Improvement of the simulation of the water and energy cycle using Multiscale Parameter Regionalization (MPR)
- 1Helmholtz Centre for Environmental Research - UFZ, Computational Hydrosystems, Leipzig, Germany
- 2European Centre for Medium-Range Weather Forecast – ECMWF, Reading, United Kingdom
The representation of the water and energy cycle in environmental models is closely linked to the parameter values used in the process parametrizations. The dimension of the parameter space in spatially distributed environmental models corresponds to the number of grid cells multiplied by the number of parameters per grid cell. For large-scale simulations on national and continental scales, the dimensionality of the parameter space is too high for efficient parameter estimation using inverse estimation methods. A regularization of the parameter space is necessary to reduce its dimensionality. The Multiscale Parameter Regionalization (MPR) is one approach to achieve this.
MPR translates local geophysical properties into model parameters. It consists of two steps: 1) local high-resolution geophysical data sets (e.g. soil maps) are translated into model parameters using a transfer function. 2) the high-resolution model parameters are scaled to the model resolution using suitable upscaling operators (e.g., harmonic mean).
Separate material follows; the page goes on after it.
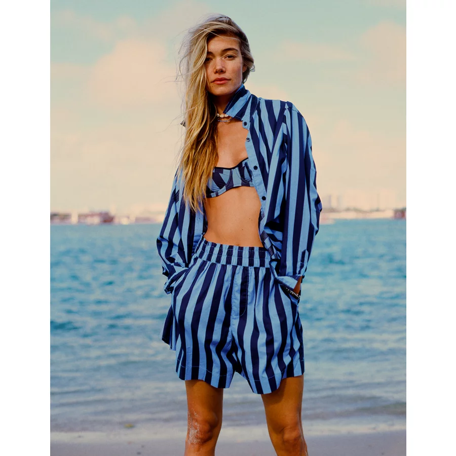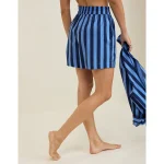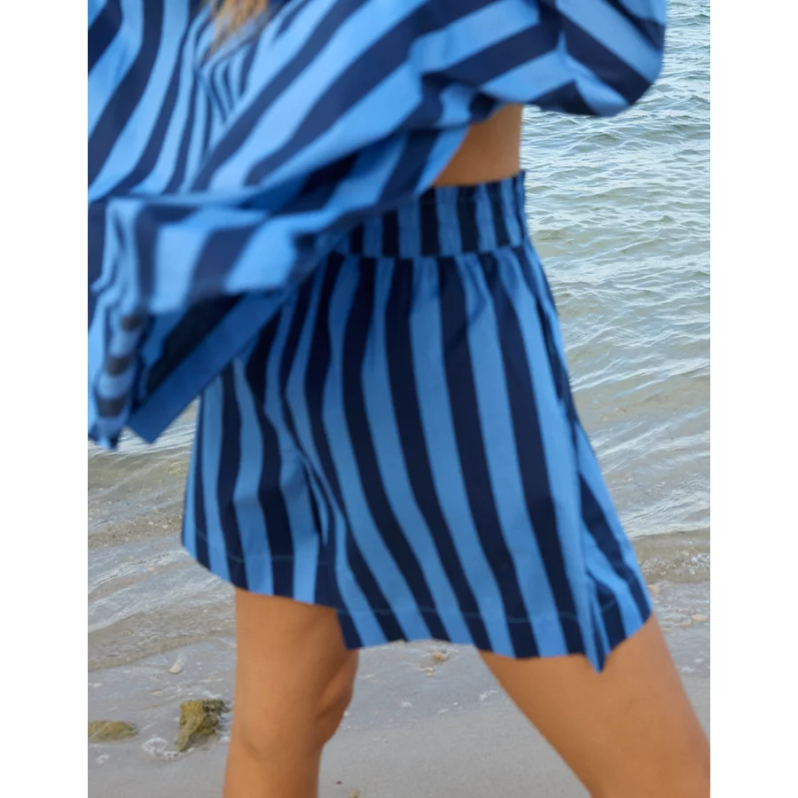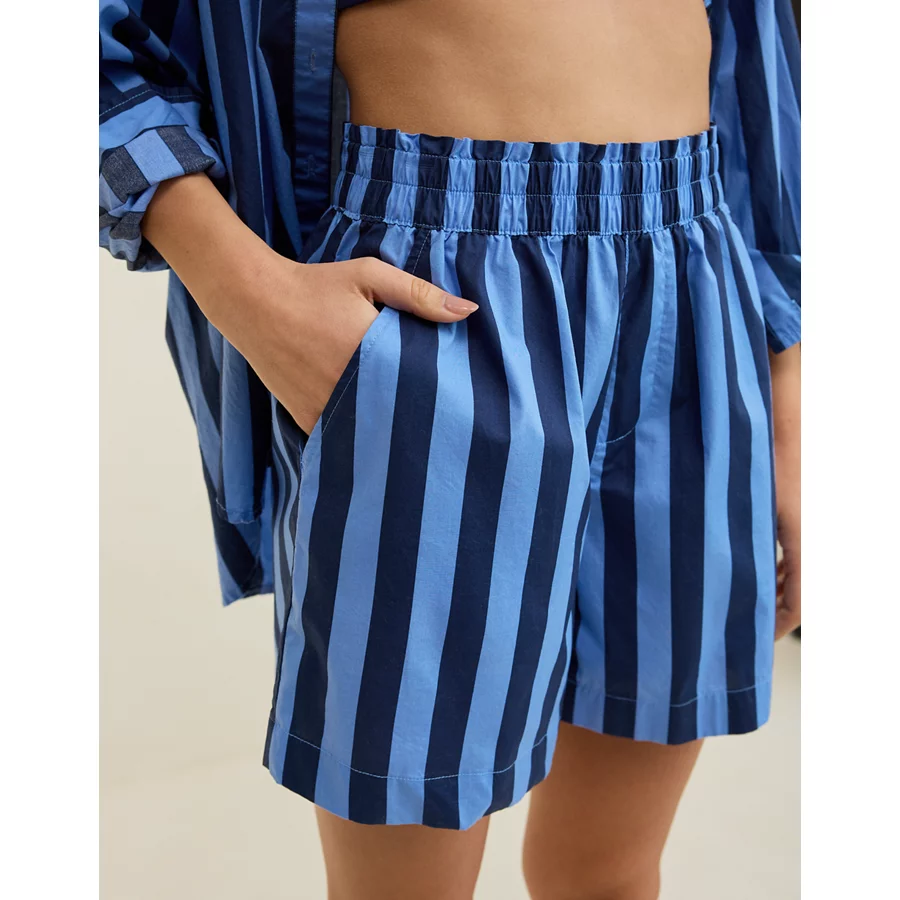Lightweight, airy cotton poplin in stripesElastic paperbag waistFunctional button front with drawstringLined with boxer shorts 100% CottonMachine washImported Mini length
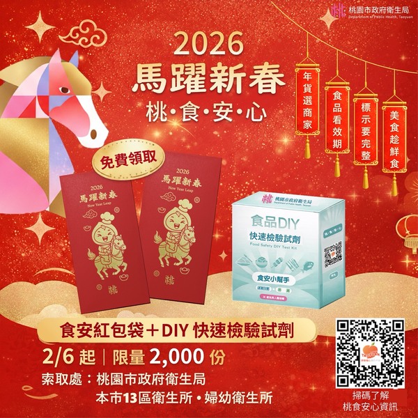 桃園市春節食品抽驗144件 3件不符規定 衛生局發送食安紅包袋及DIY檢驗試劑把關食安

The MPR technique was introduced into the mesoscale hydrologic model (mHM, Samaniego et al. 2010, Kumar et al. 2013) and it is key factor for its success on transferring parameters across scales and locations.
In this study, we apply MPR to vegetation and soil parameters in the land surface model HTESSEL. This model is the land-surface component of the European Centre for Medium-Range Weather Forecasting seasonal forecasting system. About 100 hard-coded parameters have been extracted to allow for a comprehensive sensitivity analysis and parameter estimation.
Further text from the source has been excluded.